[Data for the task]

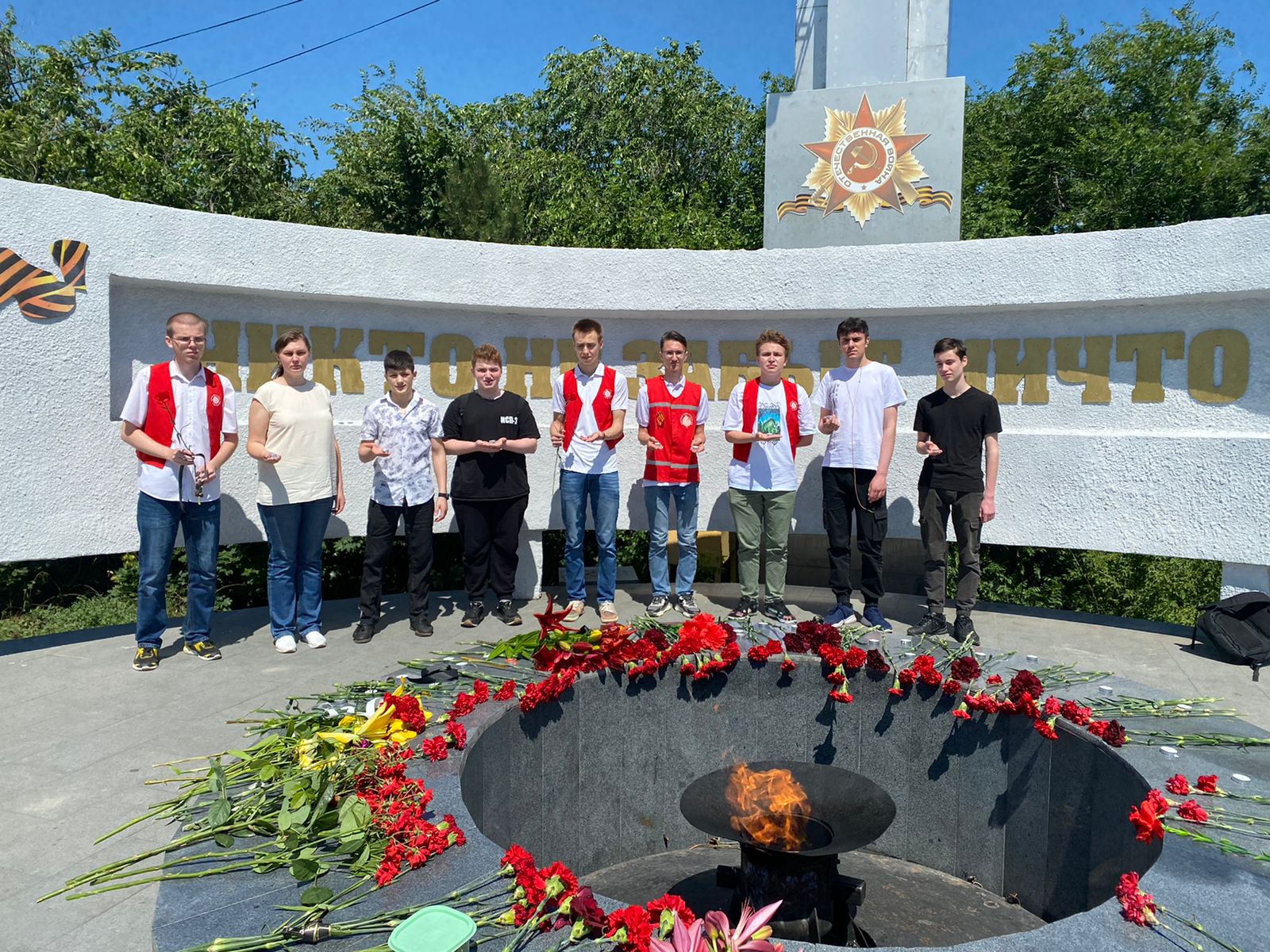 У Вечного огня мемориального комплекса Кургана Славы вместе с преподавателями они зажгли свечи и возложили цветы к памятнику.
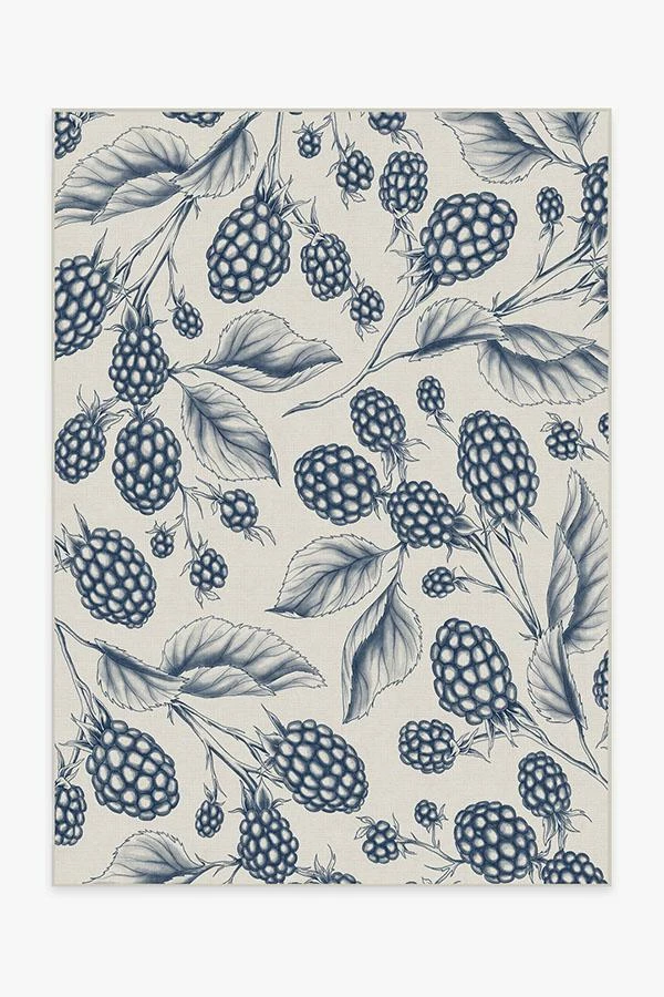 Flavor any room with the sweetness of berries with our Berry Blue Rug. Tinted in blue on bone, this unique design is hand-drawn using crosshatching technique to make the berries pop, while watercolor wash lends the leaves and vines a subtle swaying effect.
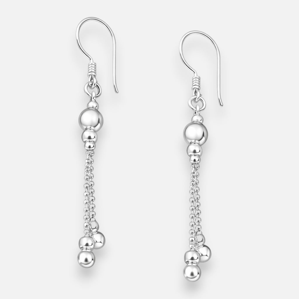 Aro largo en plata 925 con diseño atemporal que combina cadenas delicadas con esferas facetadas. Pieza versátil perfecta para uso diario o casual, que se adapta a cualquier estilo y ocasión. Ideal para quienes buscan joyería funcional que trascienda las tendencias. Largo: 35 mm
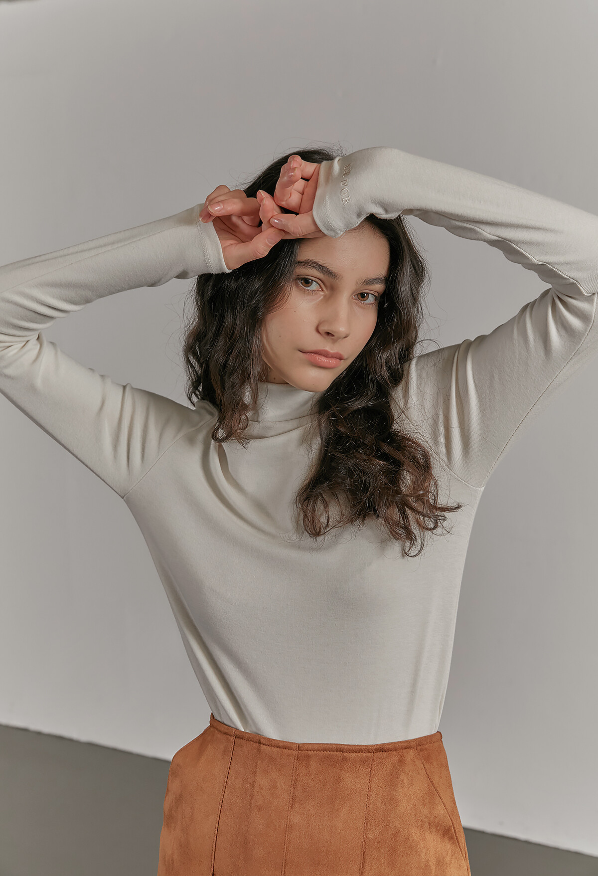 [L015] Logo Neck Long Sleeve T-shirt - Cream
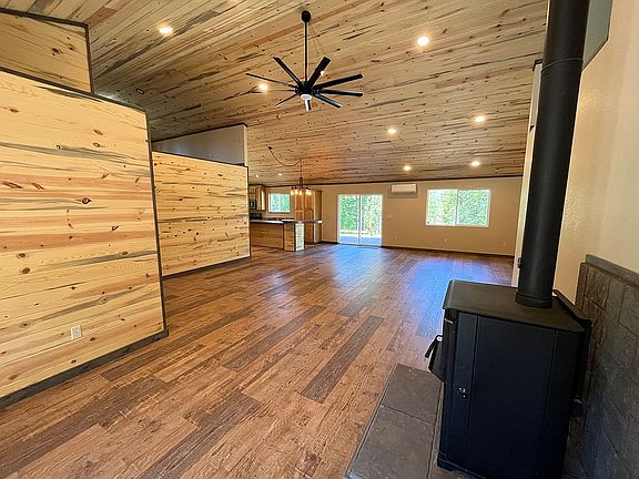 Beautiful home in the peace and quiet of northwest Montana, ideally situated on almost 30 picturesque acres. Panoramic mountain views - gently sloping, open land with southern exposure. This property has all of these and more. Natural light, expansive living space and modern rustic touches best describe the home. Blue pine tongue and groove adorn the ceilings and walls throughout. The kitchen boasts hickory cabinets and a large custom steel island and round bar top for holiday baking, seasonal canning and extra family seating. Waterproof scratch-proof laminate flooring covers the main living space and high traffic areas. Warm carpet for bedrooms and bonus areas. Each bedroom has an en suite, with the master bath featuring a soaker tub, separate shower and dual sinks. From the front and back porches, take in the views and the wildlife drawn by the spring-fed pond. Privacy, elbow room and a thoughtfully constructed home await.
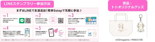 COREDO室町・COREDO日本橋・銀座ベルビア館のうち、2施設を巡ってスタンプをGETすると、全員に三井ショッピングパークポイントを200ポイントプレゼント。さらに、コンプリートいただき、アンケートに回答していただいた方の中から抽選で200名様にOZmagazine公式キャラクター・トトのかわいいグッズも当たります。

[/Data for the task]

Your instructions: Lines from the one that contains "[L015] Logo Neck Long Sleeve T-shirt - Cream" through the last line of the data above are to be extracted exactly, with no pictures and no other lines.

Written response:
 [L015] Logo Neck Long Sleeve T-shirt - Cream
 Beautiful home in the peace and quiet of northwest Montana, ideally situated on almost 30 picturesque acres. Panoramic mountain views - gently sloping, open land with southern exposure. This property has all of these and more. Natural light, expansive living space and modern rustic touches best describe the home. Blue pine tongue and groove adorn the ceilings and walls throughout. The kitchen boasts hickory cabinets and a large custom steel island and round bar top for holiday baking, seasonal canning and extra family seating. Waterproof scratch-proof laminate flooring covers the main living space and high traffic areas. Warm carpet for bedrooms and bonus areas. Each bedroom has an en suite, with the master bath featuring a soaker tub, separate shower and dual sinks. From the front and back porches, take in the views and the wildlife drawn by the spring-fed pond. Privacy, elbow room and a thoughtfully constructed home await.
 COREDO室町・COREDO日本橋・銀座ベルビア館のうち、2施設を巡ってスタンプをGETすると、全員に三井ショッピングパークポイントを200ポイントプレゼント。さらに、コンプリートいただき、アンケートに回答していただいた方の中から抽選で200名様にOZmagazine公式キャラクター・トトのかわいいグッズも当たります。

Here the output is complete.